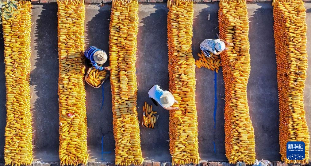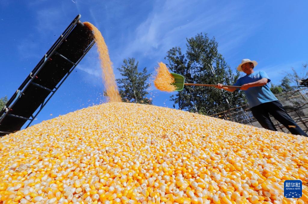 9月22日,河北省遵化市东新庄镇农民在场院晾晒玉米。
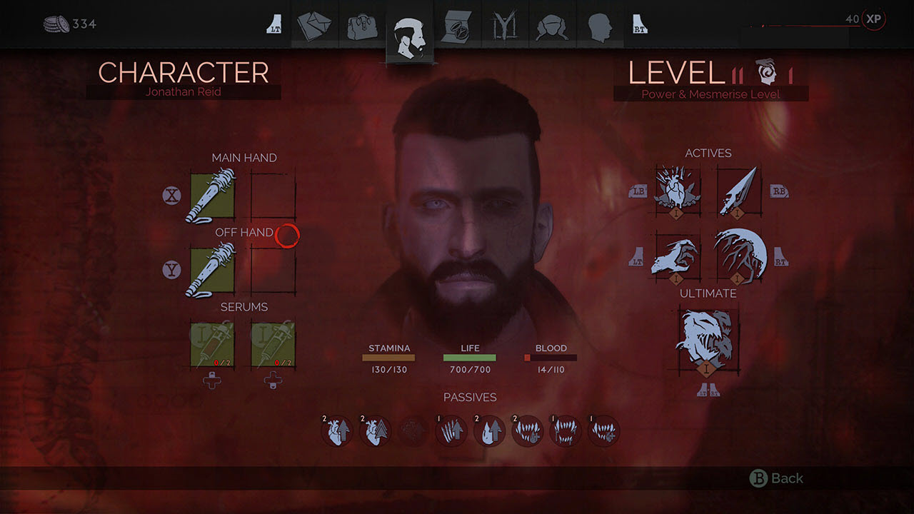 القدرات يمكن تطويرها فقط باستخدام نقاط XP التي تحصل عليها من قتلك للاعداء او اتمامك للمهمات بينما شحن هذه القدرات خصوصا تلك الخاصة بـ Vampire فعليك امتصاص الدماء و فكرة جمع الدماء هنا سيكون له ايضا مغامرتها الخاصة حيث سيكون بالامكان امتصاص دماء المارة العادين الذين يمكنك الاقتراب منهم و تفحص صحتهم باستخدام Vampiric Vision و الذي سيظهر لك الوضع الصحي لكل شخص تراه امامك او يقع في مجالك و بناء عليه يمكنك ان تقرر و لكن يمكنك في اللعبة و كما فعلت انا ان تتجنب امتصاص دماء الناس العادين و الاعتماد على الجرذان و اعدائك الذين يواجهوك في الطريق من اجل امتصاص دمائهم.
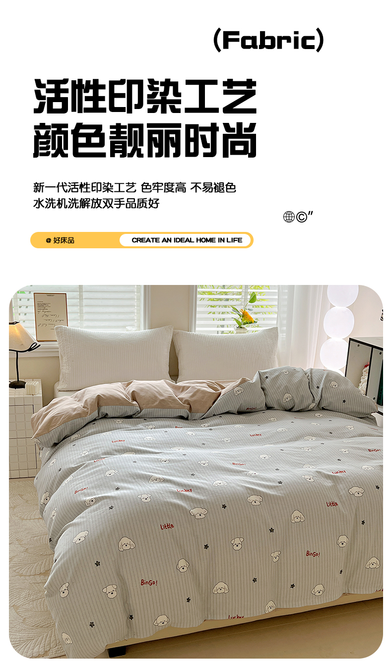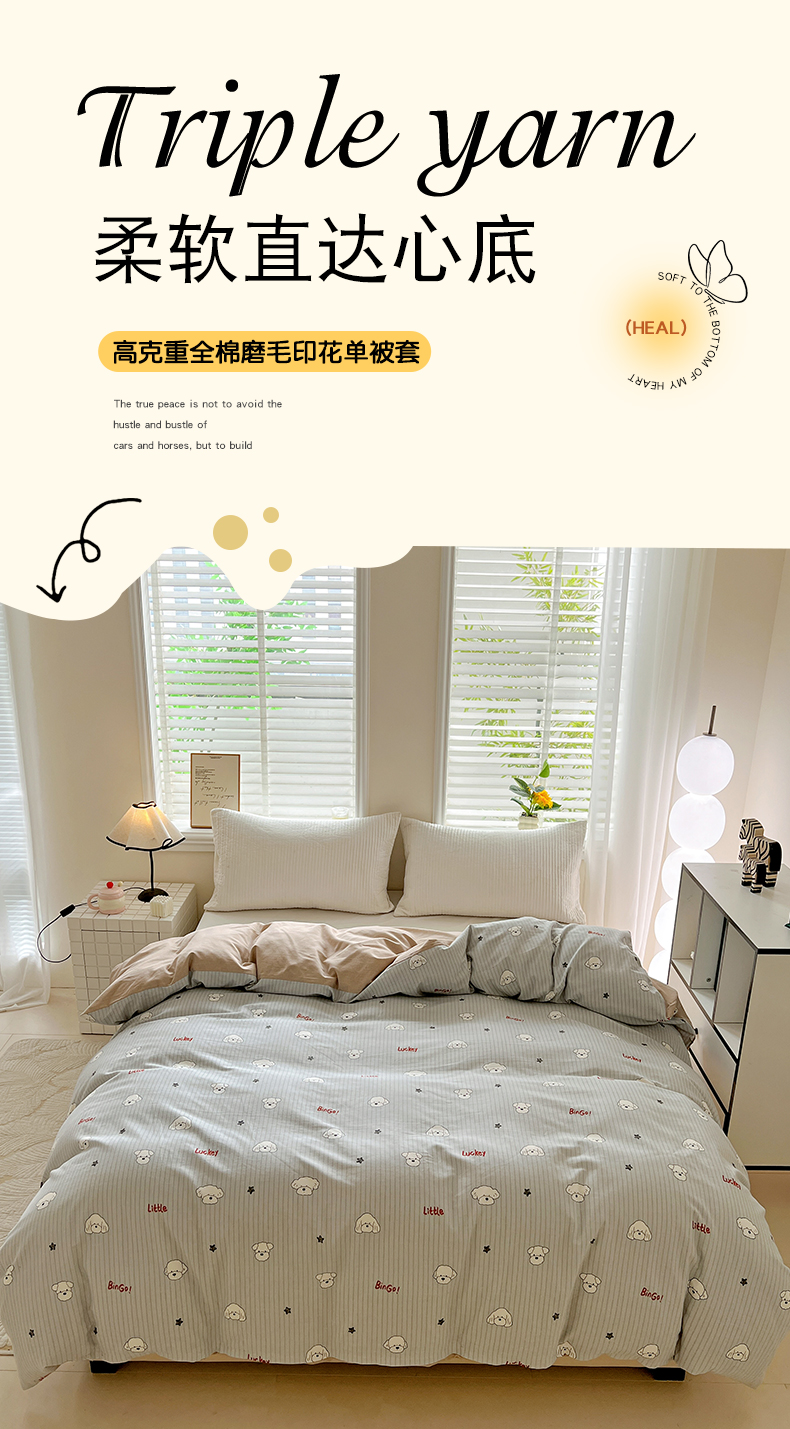• 91家纺网 家纺一手货源 找家纺 依庭 2025新款高克重全棉纯棉磨毛印花单被套 皮皮狗
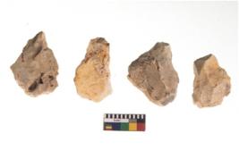 | Description / विवरण | There are n 4 of utilized worked cores and show irregular scar pattern on both dorsal and ventral side. Three have a broken tip. |
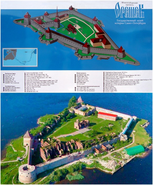 Шлиссельбургская крепость Орешек представляет собой вытянутый многоугольник с 7 башнями, расположенными в стратегически важных точках. | Фото: nordlight-spb.livejournal.com.
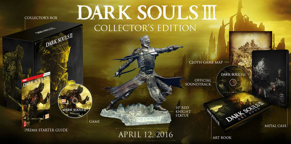 The "Collector's Edition" in Europe will include: the game, a Red Knight figurine, an A4-size Dark Souls Trilogy hardcover artbook, a metal case, a soundtrack, three iron-on patches, a cloth game map, and an exclusive box.
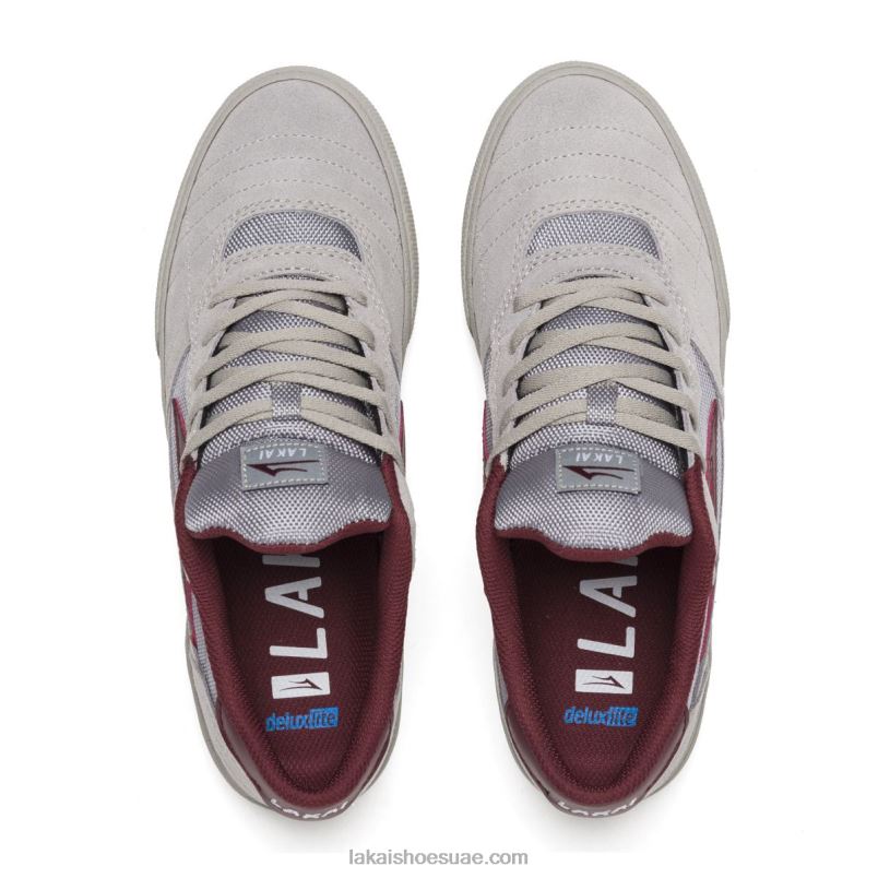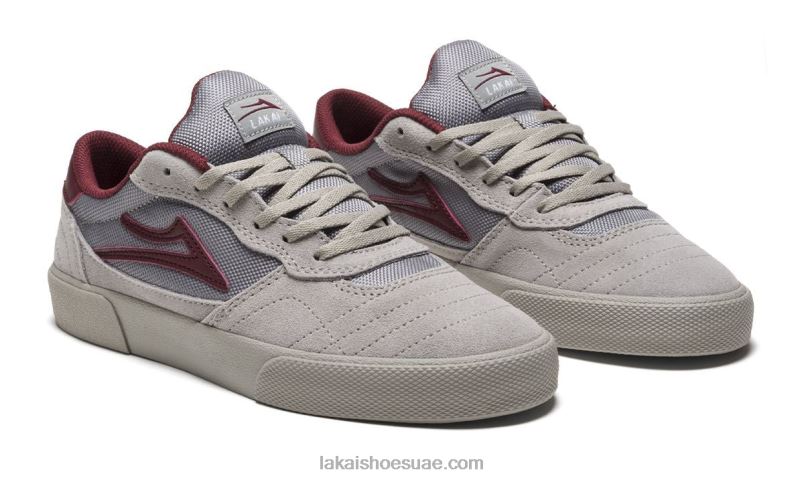 حذاء تزلج Lakai Cambridge - رمادي / عنابي من الجلد المدبوغ P>
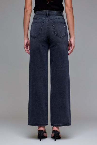 Introducing the Logan High Rise Wide Leg Jean by HIDDEN. Crafted from premium washed black denim, these jeans feature a high-rise fit and wide leg tapered bottom for a flattering silhouette. Elevate your style with these versatile and on-trend jeans.
───
Your reply should consist only of the lines running from the line with "broken tip. |" to the end of the entries, both included, copied exactly and without any pictures.

 | Description / विवरण | There are n 4 of utilized worked cores and show irregular scar pattern on both dorsal and ventral side. Three have a broken tip. |
 Шлиссельбургская крепость Орешек представляет собой вытянутый многоугольник с 7 башнями, расположенными в стратегически важных точках. | Фото: nordlight-spb.livejournal.com.
 The "Collector's Edition" in Europe will include: the game, a Red Knight figurine, an A4-size Dark Souls Trilogy hardcover artbook, a metal case, a soundtrack, three iron-on patches, a cloth game map, and an exclusive box.
 حذاء تزلج Lakai Cambridge - رمادي / عنابي من الجلد المدبوغ P>
 Introducing the Logan High Rise Wide Leg Jean by HIDDEN. Crafted from premium washed black denim, these jeans feature a high-rise fit and wide leg tapered bottom for a flattering silhouette. Elevate your style with these versatile and on-trend jeans.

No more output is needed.